Reproduce the records below exactly from their first line through the line containing "Estados Unidos a", omitting all pictures.
(DATASET EXTRACT)
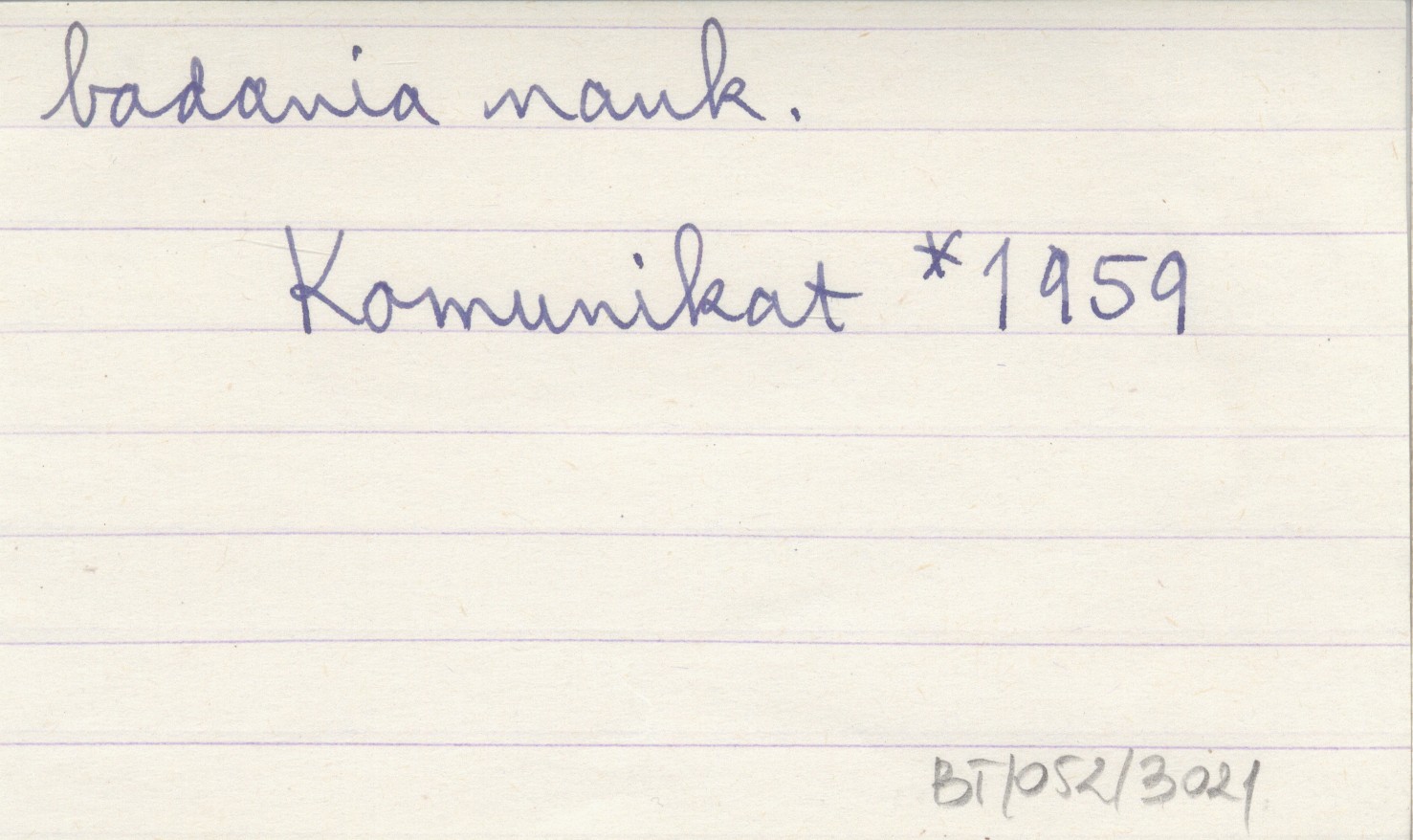 Komunikat Dyrekcji Tatrzańskiego Parku Narodowego w sprawie warunków wykonywania prac naukowych na terenie Tatr Polskich. 1959
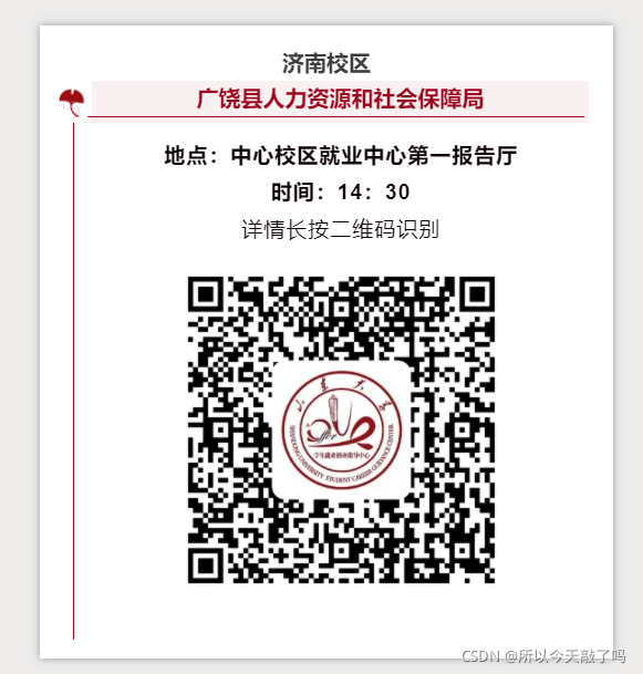 我的勤工助学工作是在就业中心推送招聘信息,其中有个每日必推的文章叫做“明日宣讲”,里面的内容是明天所有来学校做宣讲的单位名称、时间、地点以及链接到就业中心官网的单位招聘信息的二维码。
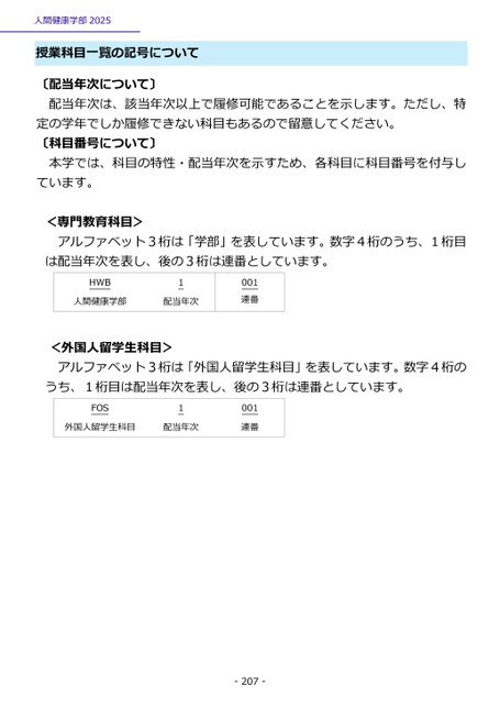 配当年次は、該当年次以上で履修可能であることを示します。ただし、特定の学年でしか履修できない科目もあるので留意してください。〔科目番号について〕ています。本学では、科目の特性・配当年次を示すため、各科目に科目番号を付与し専門教育科目>アルファベット3桁は「学部」を表しています。数字4桁のうち、1桁目<は配当年次を表し、後の3桁は連番としています。HWB1人間健康学部配当年次001連番外国人留学生科目>アルファベット3桁は「外国人留学生科目」を表しています。数字4桁の<うち、1桁目は配当年次を表し、後の3桁は連番としています。FOS1外国人留学生科目配当年次001連番人間健康学部2025授業科目一覧の記号について〔配当年次について〕-207-
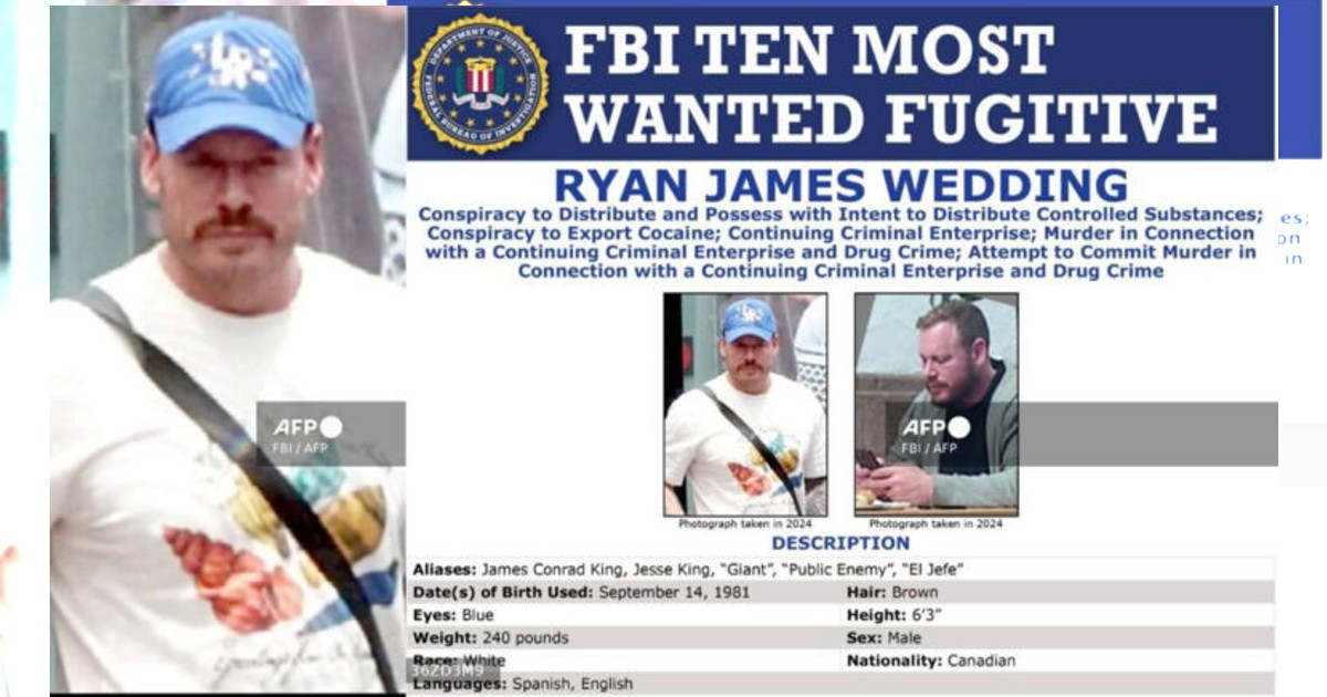 Estados Unidos a través del Buró Federal de Investigaciones (FBI), por sus siglas en inglés), ofrece hasta 10 millones de dólares quien aporte información sobre el paradero del narcotraficante canadiense ex deportista Ryan James Wedding, que se presume, podría estar prófugo de la justicia, en México.
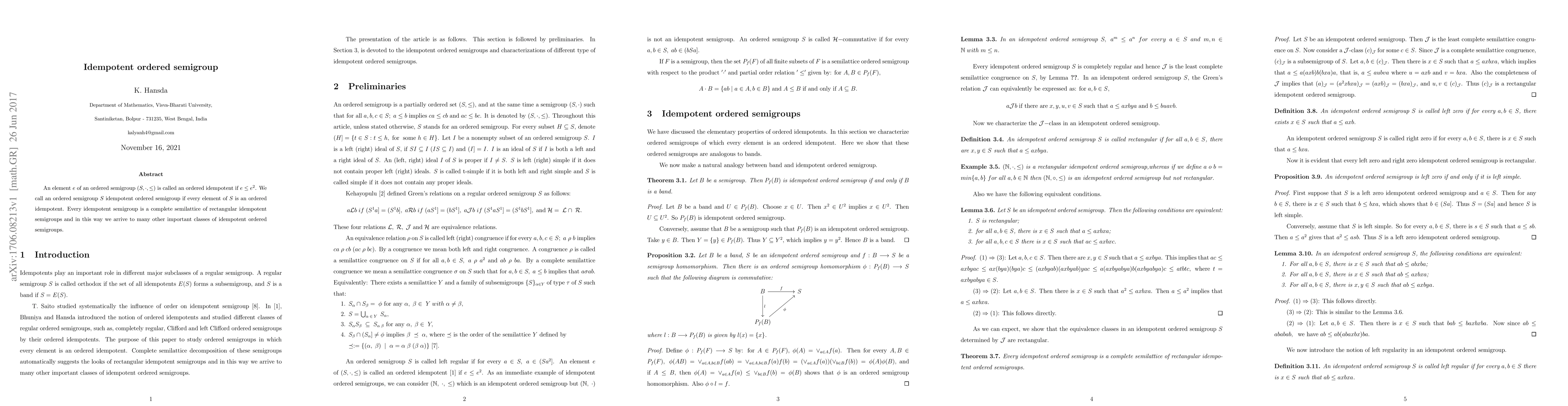 Summary: The paper defines ordered idempotent elements in ordered semigroups and establishes that every idempotent semigroup can be structured as a complete semilattice of rectangular idempotent semigroups, leading to significant classifications of idempotent ordered semigroups.
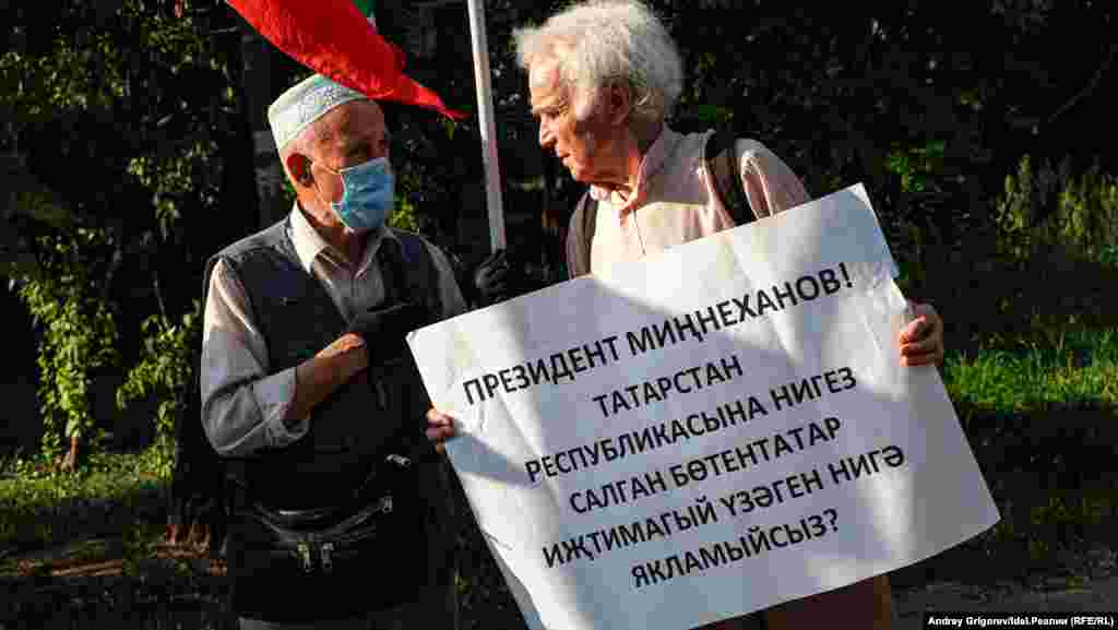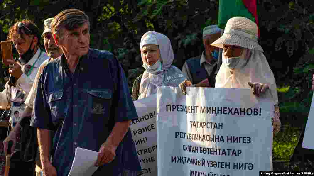 "Прокурор Нафиков! Требуем отказаться от позорного иска против ВТОЦ", гласила надпись на одном из плакатов. Еще на одном плакате была надпись "Татарстан: 2021 = 1937". Кроме того, активисты требовали от президента РТ Рустама Минниханова и председателя Госсовета Татарстана Фарида Мухаметшина признать 15 октября памятным днём (последние несколько лет власти в Татарстане под разными предлогами препятствуют проведению акций, посвященных этой дате).
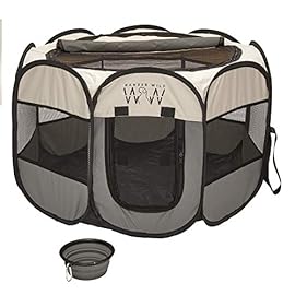 Wolf In Winter Upgraded Portable Foldable Pet Playpen – Removable Roll Up Shade Cover, Carry Case and Free Travel Bowl…
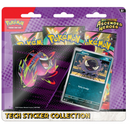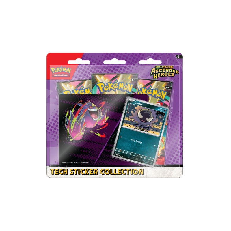 Pokémony z regionu Kanto wznoszą się na wyżyny - i prezentują swoją potęgę w formie kart promo, jak i uroczych naklejek! W tym zestawie znajdziesz Gastly’ego jako połyskującą kartę promo foil, a także arkusz naklejek tech stickers z Gastlym i Mega Gengarem. A na koniec - jeszcze więcej Pokémonów w trzech boosterach ze specjalnego dodatku Pokémon TCG: Mega Evolution - Ascended Heroes!
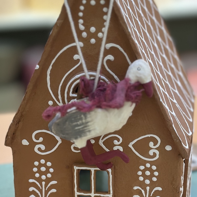 Storken har siddet på de danske juletræer i årevis - Her i en fin udgave med rødt bånd
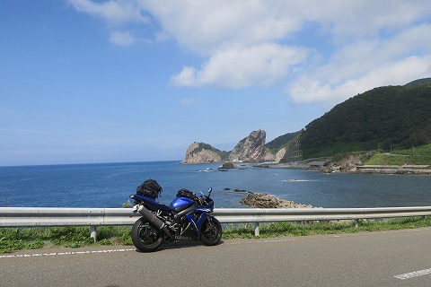 北東北ツーリング、3日目は青森県の西部にある深浦町から出発します。 今日は、午前中に陸奥湾フェリーで下北半島に渡る予定です。 フェリーの出航時刻は9:20、フェリー乗り場まで100kmほどの距離があります。 少し急ぎます。 |
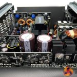 This LLC circuit is responsible for smoothing out the alternating voltage. The Dark Power 12 is using both pulse width modulation and frequency modulation to adjust power transformation. Starting at around a load of 10 to 15 percent, the LLC circuit modifies the frequency, producing better results. The best results are obtained at low frequency and high load or vice versa.
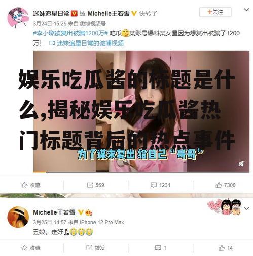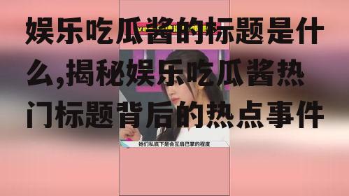 亲爱的读者们,你是不是也和我一样,每天在互联网上闲逛,时不时地被那些娱乐八卦的新闻吸引住眼球呢?没错,我就是那个热衷于追剧、看综艺、翻明星动态的“吃瓜酱”。今天,我要和你分享一个超级有趣的发现——那些让人忍不住点开的娱乐吃瓜酱的标题,究竟藏着怎样的秘密呢?
(End DATASET EXTRACT)
* **WRITTEN SOLUTION**
 Komunikat Dyrekcji Tatrzańskiego Parku Narodowego w sprawie warunków wykonywania prac naukowych na terenie Tatr Polskich. 1959
 我的勤工助学工作是在就业中心推送招聘信息,其中有个每日必推的文章叫做“明日宣讲”,里面的内容是明天所有来学校做宣讲的单位名称、时间、地点以及链接到就业中心官网的单位招聘信息的二维码。
 配当年次は、該当年次以上で履修可能であることを示します。ただし、特定の学年でしか履修できない科目もあるので留意してください。〔科目番号について〕ています。本学では、科目の特性・配当年次を示すため、各科目に科目番号を付与し専門教育科目>アルファベット3桁は「学部」を表しています。数字4桁のうち、1桁目<は配当年次を表し、後の3桁は連番としています。HWB1人間健康学部配当年次001連番外国人留学生科目>アルファベット3桁は「外国人留学生科目」を表しています。数字4桁の<うち、1桁目は配当年次を表し、後の3桁は連番としています。FOS1外国人留学生科目配当年次001連番人間健康学部2025授業科目一覧の記号について〔配当年次について〕-207-
 Estados Unidos a través del Buró Federal de Investigaciones (FBI), por sus siglas en inglés), ofrece hasta 10 millones de dólares quien aporte información sobre el paradero del narcotraficante canadiense ex deportista Ryan James Wedding, que se presume, podría estar prófugo de la justicia, en México.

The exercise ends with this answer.